──────── Entries shown

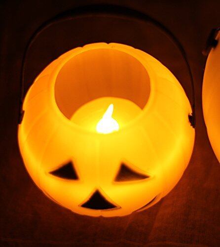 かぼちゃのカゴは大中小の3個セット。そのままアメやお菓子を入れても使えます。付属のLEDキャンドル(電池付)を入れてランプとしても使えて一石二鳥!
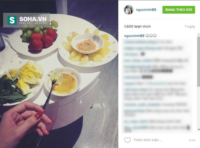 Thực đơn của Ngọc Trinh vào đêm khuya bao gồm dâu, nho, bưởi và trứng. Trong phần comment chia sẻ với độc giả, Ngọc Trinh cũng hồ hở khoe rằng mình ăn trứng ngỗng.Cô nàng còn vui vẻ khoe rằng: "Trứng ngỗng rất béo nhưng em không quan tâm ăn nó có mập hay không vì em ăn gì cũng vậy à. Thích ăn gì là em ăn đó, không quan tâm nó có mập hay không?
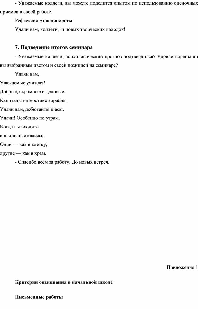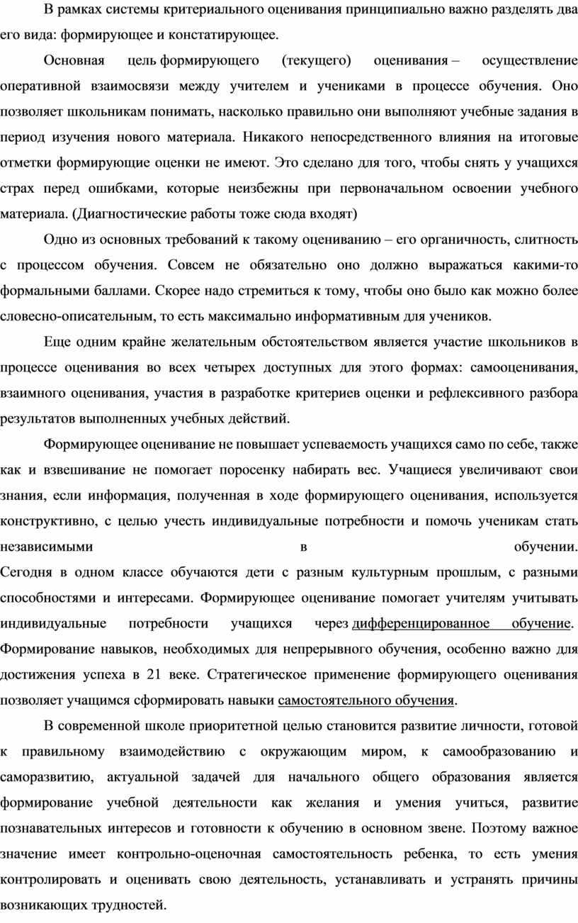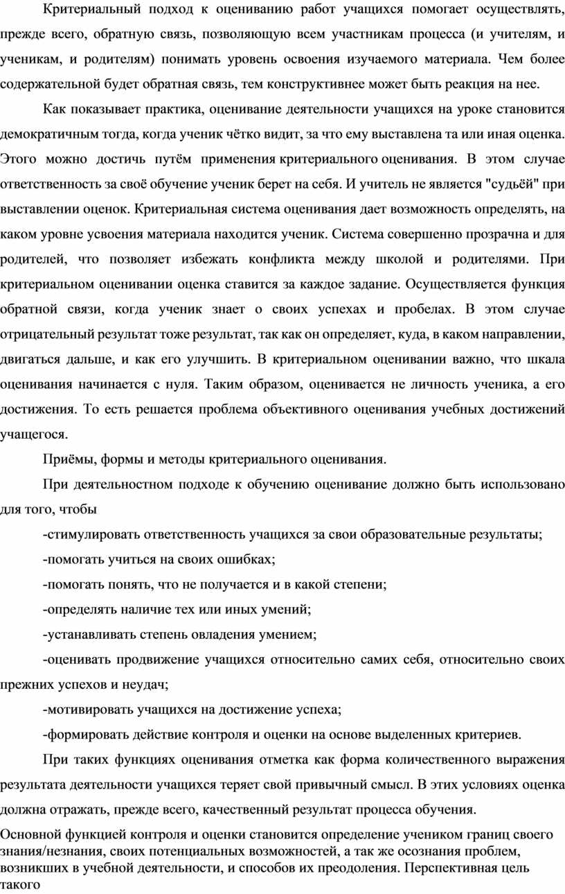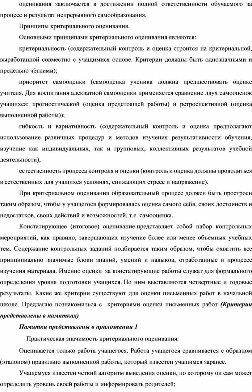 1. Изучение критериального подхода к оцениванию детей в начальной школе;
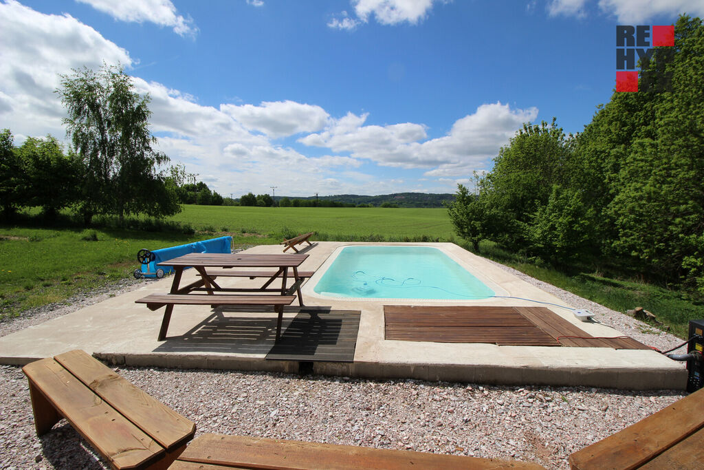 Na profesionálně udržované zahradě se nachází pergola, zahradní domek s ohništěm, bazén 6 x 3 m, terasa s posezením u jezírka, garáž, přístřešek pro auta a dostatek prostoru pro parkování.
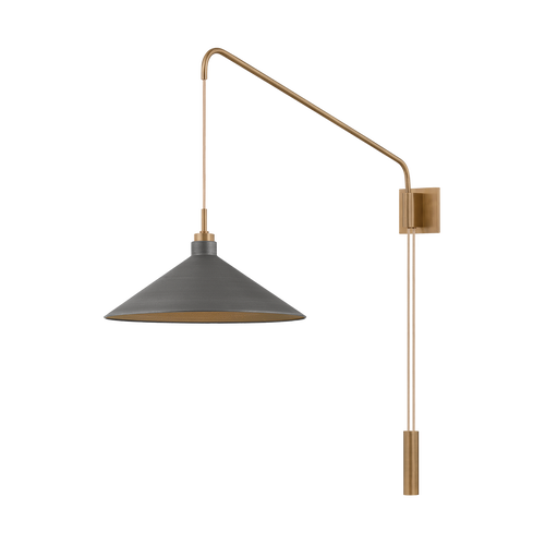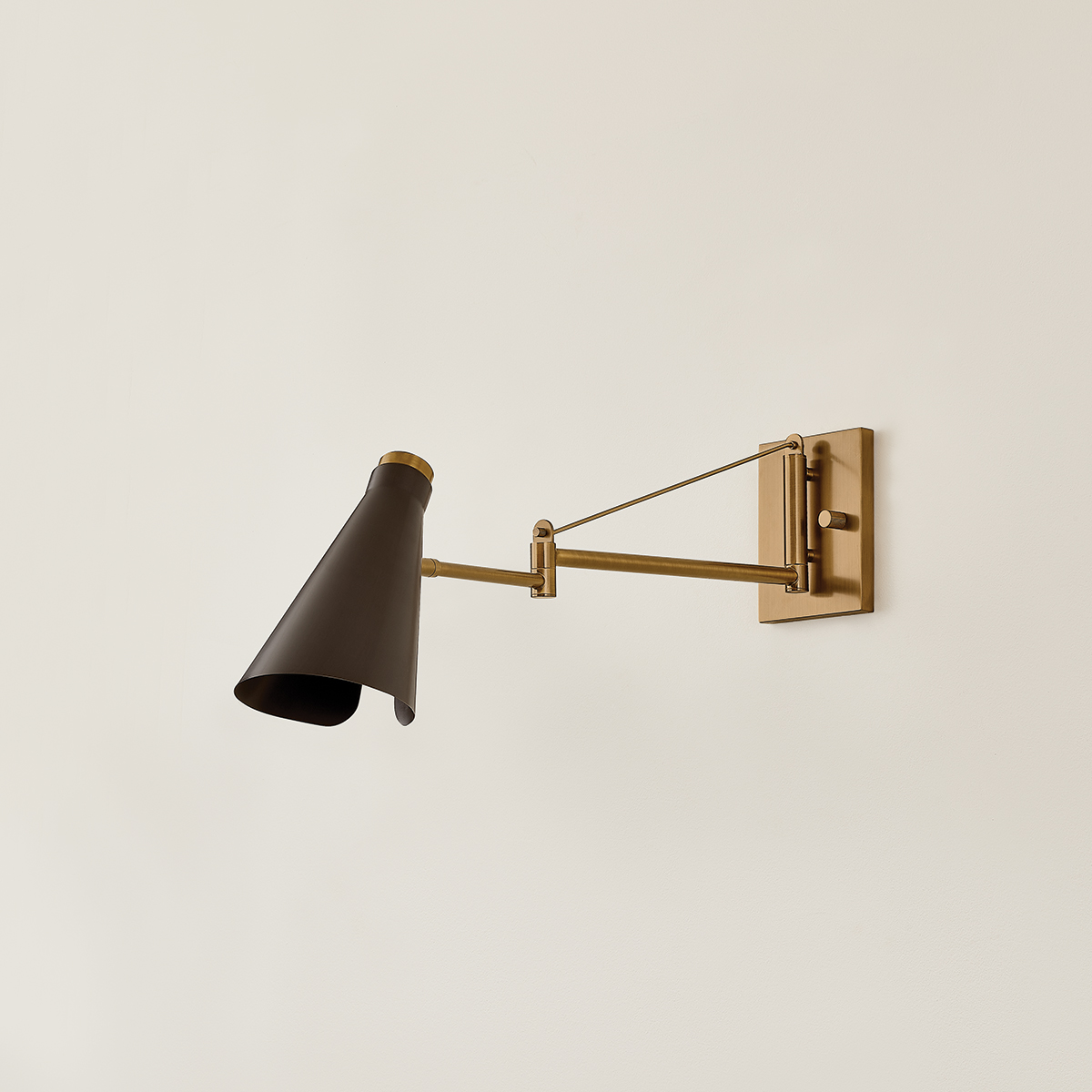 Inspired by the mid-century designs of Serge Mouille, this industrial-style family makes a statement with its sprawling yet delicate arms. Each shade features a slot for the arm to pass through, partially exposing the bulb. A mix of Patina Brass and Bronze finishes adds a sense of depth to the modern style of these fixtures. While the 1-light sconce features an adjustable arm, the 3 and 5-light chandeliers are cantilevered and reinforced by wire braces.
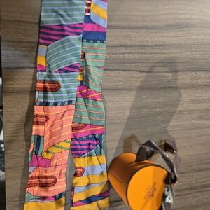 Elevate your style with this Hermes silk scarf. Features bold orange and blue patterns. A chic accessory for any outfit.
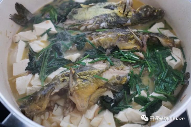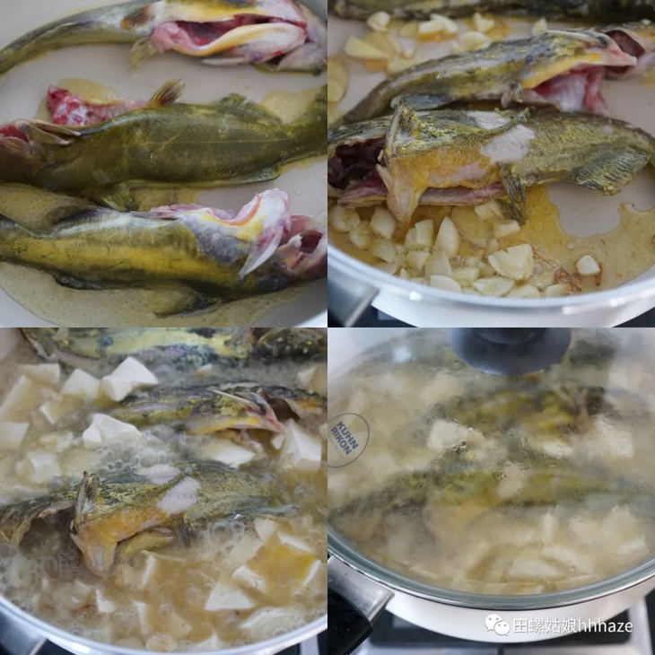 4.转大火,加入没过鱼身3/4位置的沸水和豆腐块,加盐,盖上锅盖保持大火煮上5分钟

────────────────

## What the exercise asks
Output each of the lines above exactly, apart from the images.

## Task result
 かぼちゃのカゴは大中小の3個セット。そのままアメやお菓子を入れても使えます。付属のLEDキャンドル(電池付)を入れてランプとしても使えて一石二鳥!
 Thực đơn của Ngọc Trinh vào đêm khuya bao gồm dâu, nho, bưởi và trứng. Trong phần comment chia sẻ với độc giả, Ngọc Trinh cũng hồ hở khoe rằng mình ăn trứng ngỗng.Cô nàng còn vui vẻ khoe rằng: "Trứng ngỗng rất béo nhưng em không quan tâm ăn nó có mập hay không vì em ăn gì cũng vậy à. Thích ăn gì là em ăn đó, không quan tâm nó có mập hay không?
 1. Изучение критериального подхода к оцениванию детей в начальной школе;
 Na profesionálně udržované zahradě se nachází pergola, zahradní domek s ohništěm, bazén 6 x 3 m, terasa s posezením u jezírka, garáž, přístřešek pro auta a dostatek prostoru pro parkování.
 Inspired by the mid-century designs of Serge Mouille, this industrial-style family makes a statement with its sprawling yet delicate arms. Each shade features a slot for the arm to pass through, partially exposing the bulb. A mix of Patina Brass and Bronze finishes adds a sense of depth to the modern style of these fixtures. While the 1-light sconce features an adjustable arm, the 3 and 5-light chandeliers are cantilevered and reinforced by wire braces.
 Elevate your style with this Hermes silk scarf. Features bold orange and blue patterns. A chic accessory for any outfit.
 4.转大火,加入没过鱼身3/4位置的沸水和豆腐块,加盐,盖上锅盖保持大火煮上5分钟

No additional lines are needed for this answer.